C’est dans cet enfer minéral que je vis avec ma fille. Cet été, alors que nous faisions des courses à pieds, elle m’a demandé si nous pouvions rester un moment sur la bande végétalisée séparant les deux côtés de l’avenue que nous traversions. Un peu d’herbe et de hauts massifs de fleurs joliment disposées, il n’en fallait pas plus pour réveiller le besoin de nature et d’émerveillement de ma petite chérie. Son imagination est si vive qu’un confetti de verdure suffit à son esprit pour générer des histoires extraordinaires se déroulant dans un univers plein de couleurs et de magie. Il est vrai qu’on aurait presque pu se cacher entre les roseaux et les grandes fleurs plantées là par le service des espaces verts de la municipalité. Et pourtant, quel que soit l’endroit où l’on se trouve sur cette île microscopique cernée par les bandes d’asphalte, on n’est jamais à plus de deux mètres des pots d’échappement.

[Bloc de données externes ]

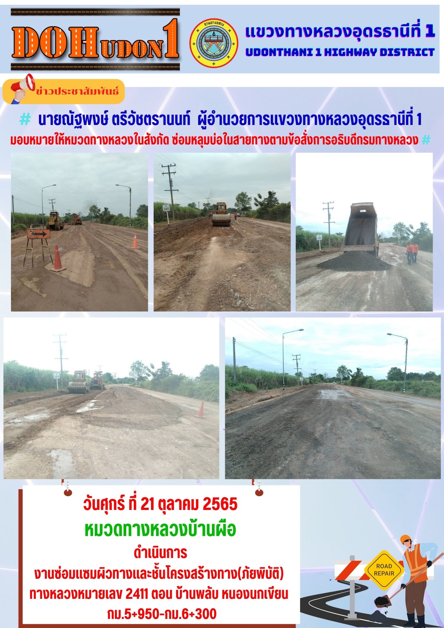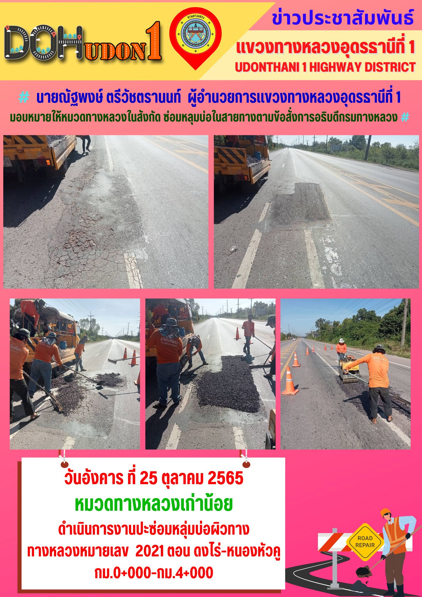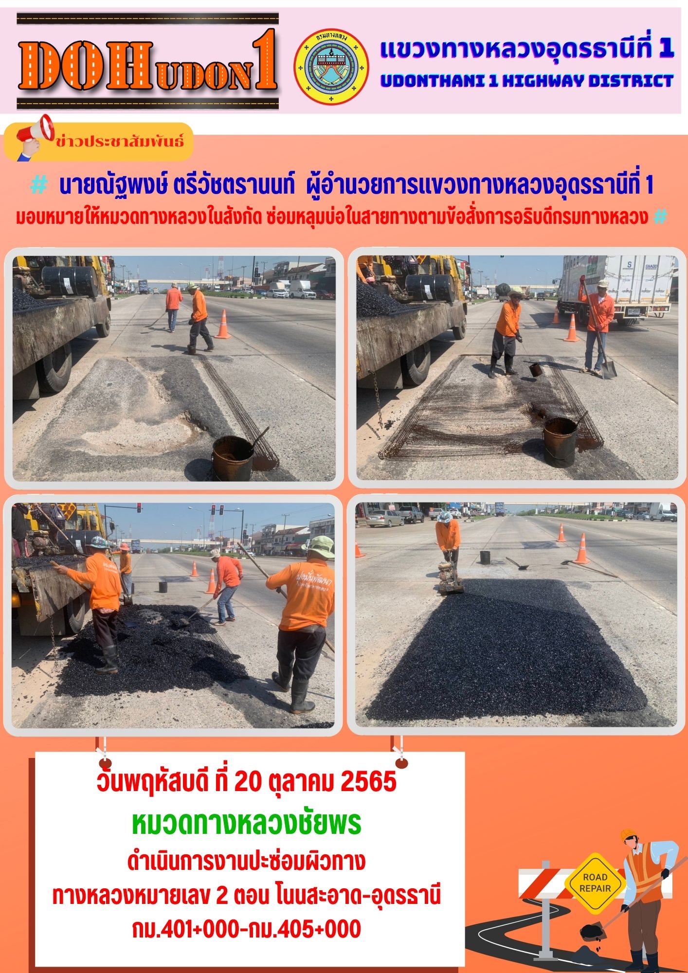 นายณัฐพงษ์ ตรีวัชตรานนท์ ผู้อำนวยการแขวงทางหลวงอุดรธานีที่ 1 มอบหมายให้หมวดทางหลวงในสังกัด ซ่อมหลุมบ่อในสายทางตามข้อสั่งการอธิบดีกรมทางหลวง

Ayant vécu mon enfance à la campagne, l’émerveillement de Zoé devant cet échantillon de grâce et de fraîcheur, marqueur de notre arrachement à la nature, m’a donné comme un pincement au coeur. De jolis massifs de fleurs émergeant ça et là du désert de béton, comme un quota minimum de chlorophylle accordé aux citadins, c’est un peu léger, mais il semblerait que ce soit déjà trop pour l’agglo.

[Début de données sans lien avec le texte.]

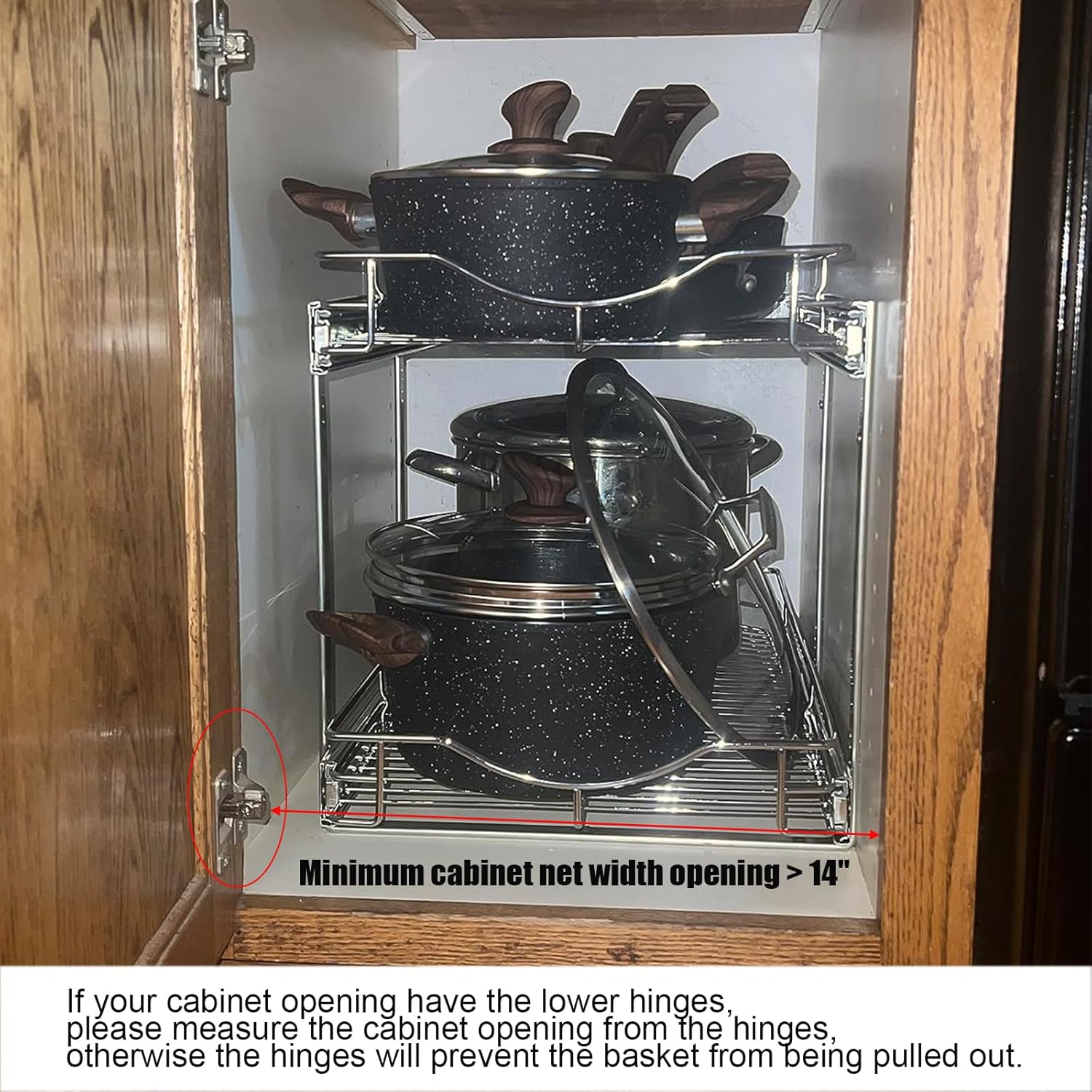 DINDON 2 Tier Pull Out Cabinet Organizer (14" W X 18" D), Double Tier Wire Basket Slide Out Shelf Storage for Kitchen Base Cabinet Organization for Kitchen, Pantry, Bathroom, Chrome

En effet, lors du tout premier confinement, en mai 2020, nous avions fait une ballade incroyablement paisible dans mon quartier. Pour une fois, pas de bagnoles, pas de gaz d’échappement plein le nez, et des chants d’oiseaux en lieu et place des habituels moteurs pétaradant. En un mot, la paix! C’est alors qu’ont débarqué les monstrueuses tondeuses à quatre roues des services municipaux, précédées de leur vacarme infernal. Elles se sont ruées sur les quelques mètres carrés recouverts d’herbe, où avaient poussé, sans autorisation préalable (!) les fleurs de saison, pâquerettes, pissenlits, et même quelques vaillants coquelicots. Ce serait à rire (à l’image de ce sketch des Monty Pythons où des chasseurs tuent des moustiques à bord de chars d’assaut https://www.youtube.com/watch?v=BHBbJAIcnBI) si ça n’était pas à pleurer.

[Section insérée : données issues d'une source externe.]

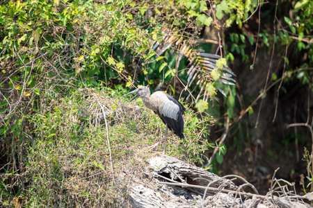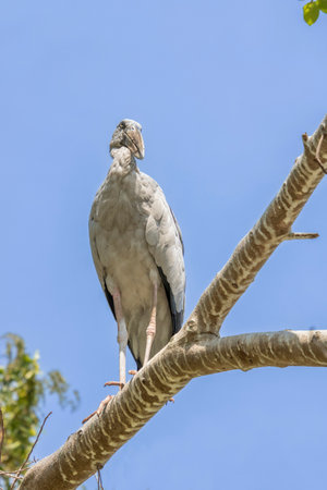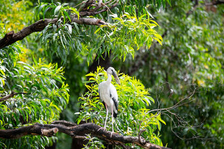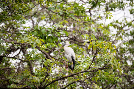 Asian Openbill bird stand on tree. (Anastomus oscitans)

Quoique, quand on y pense, c’est plutôt cocasse. Car dans un bureau, un fonctionnaire a décidé qu’il pouvait arracher quelques employés à ce confinement si strict censé sauver nos vies... pour faire la guerre à de minuscules fleurs qui ne gênaient personne! Mais sans doute était-ce une situation d’urgence. Après tout, on n’est jamais à l’abri d’une attaque de coquelicots ou d’un attentat kamikaze perpétré par un groupuscule de pissenlits radicalisés. Notez, tout se tient car radicalisé signifie, au sens propre ‘qui a trait à la racine’. Donc, partant de là, toutes les fleurs et même toutes les plantes, sont des terroristes en puissance, qu’il faut éradiquer, c’est à dire arracher à la racine. Quant aux pétales, hein ?! Que cachent tous ces pétales bien commodes? Des kalachnikov miniaturisées ? du C4 ? De l’anthrax ? On a bien vu, dans certains pays en proie au djihadisme, des ceintures d’explosifs cachées sous des vêtements amples.

C’est en fait bien pire que cela, les amis! Les pétales des fleurs cachent pistils et étamines, tout un attirail érotique répugnant qui permet à ces mauvaises graines de se vautrer dans la luxure et de se reproduire en prime! Alors un bon conseil, appelez les Ghostbusters des espaces verts qui vous délivreront à la fois du silence insupportable et de ces fleurs terrifiantes! Et dites vous que, si par miracle, un insecte ou une fleur survivait à ce traitement, l’industrie du BTP viendra tôt ou tard vous sauver en construisant une belle merde grise avec l'argent de vos impôts, sur les rares parcelles de votre ville échappant encore au béton! Et si cela n'est pas suffisant pour vous redonner le moral, vous retrouverez le sourire en apprenant que 70% de la nature sera probablement détruite en 2032... si ces fous furieux d'écolos n'entravent pas notre effort de guerre!